The quadratic formula is a crucial tool for solving quadratic equations, which are equations in the form of \(ax^2 + bx + c = 0\). This formula provides a method to find the roots of any quadratic equation, regardless of whether it can be factored easily or not.
It is expressed as:

• \(x = \frac{-b \pm \sqrt{b^2 - 4ac}}{2a}\)

Here,

• \(a\), \(b\), and \(c\) are the coefficients of the quadratic equation.
• The symbol \(\pm\) indicates that there are generally two possible solutions for \(x\).

Using this formula, you can directly substitute the values of \(a\), \(b\), and \(c\) and find the solutions for \(x\). It's particularly valuable when factoring is complex or when the roots are irrational numbers. Understanding how to apply this formula is fundamental in algebra.

The discriminant is a part of the quadratic formula that gives us information about the nature of the roots of the quadratic equation. It is the expression under the square root in the quadratic formula: \(b^2 - 4ac\).
The value of the discriminant can tell us a lot:

• If \(b^2 - 4ac > 0\), there are two distinct real roots. This means the graph of the quadratic equation will intersect the x-axis at two points.
• If \(b^2 - 4ac = 0\), there is exactly one real root, or a repeated root. This means the graph touches the x-axis at one point, known as a vertex.
• If \(b^2 - 4ac < 0\), there are no real roots. Instead, the solutions are complex or imaginary numbers, and the graph does not intersect the x-axis at all.

In the exercise, the discriminant \(b^2 - 4ac\) was calculated as 208, which is greater than zero, indicating that our quadratic equation has two distinct real roots.
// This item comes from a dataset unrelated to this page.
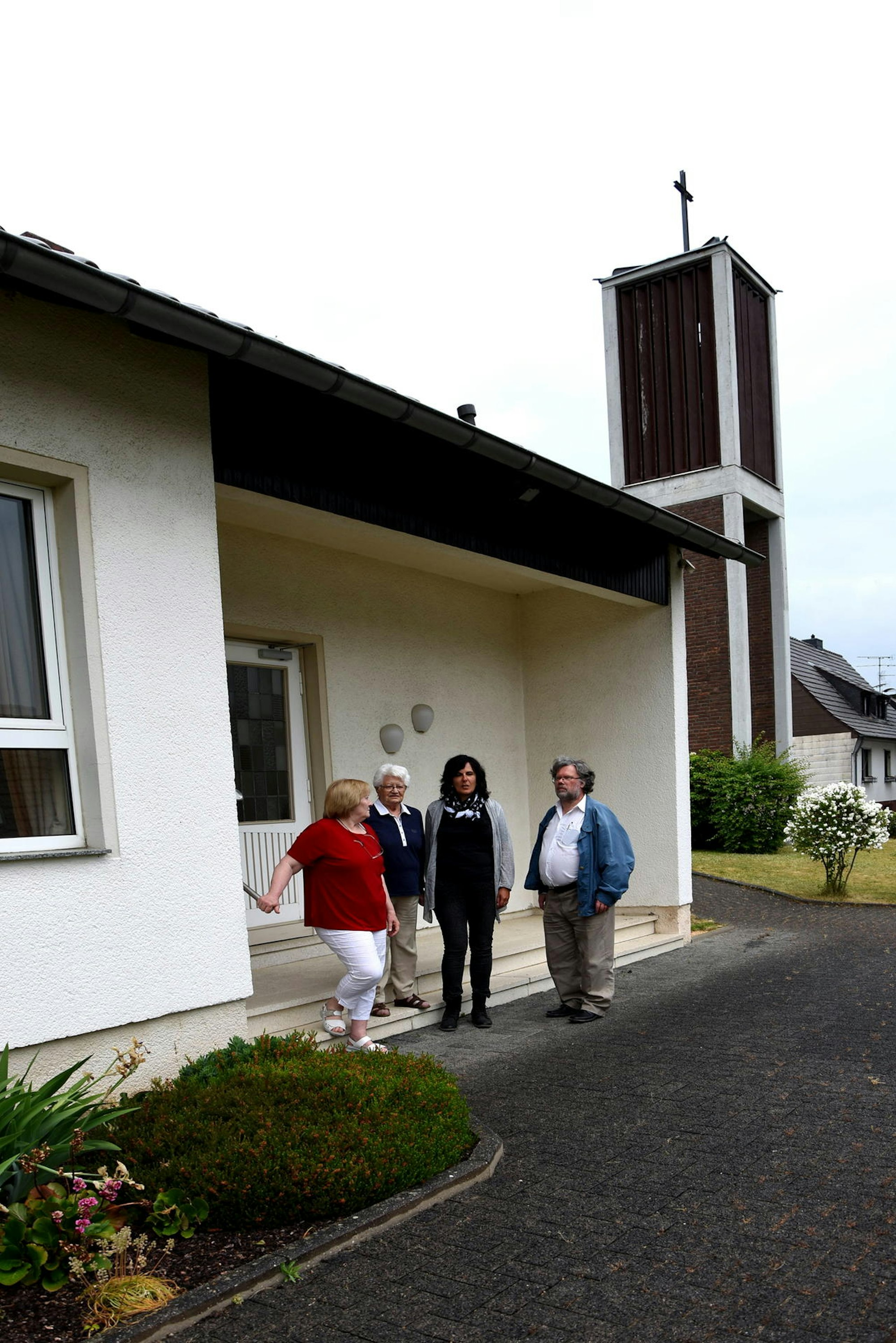 Gisela Müller, Waltraud Dennhoven, Elke Friedt und Jochen Gruch vor der Kirche.

Solving quadratic equations involves finding the values of \(x\) that satisfy the equation. When you have a quadratic equation like \(x^2 - 14x - 3 = 0\), the quadratic formula is often the go-to method for finding the solutions.
Here's a step-by-step overview for using the quadratic formula:

• Ensure your quadratic equation is in standard form \(ax^2 + bx + c = 0\).
• Identify your coefficients \(a\), \(b\), and \(c\).
• Substitute these values into the quadratic formula.
• Calculate the discriminant \(b^2 - 4ac\).
• Use the value of the discriminant to understand the nature of the roots.
• Finally, solve for \(x\) using the formula and simplify if needed.

By substituting \(a = 1\), \(b = -14\), and \(c = -3\) into the formula, you evaluated the discriminant and then solved for \(x\). The result \(x = 7 \pm 2\sqrt{13}\) provides the two possible solutions for \(x\), showcasing how effective the quadratic formula is for handling such problems.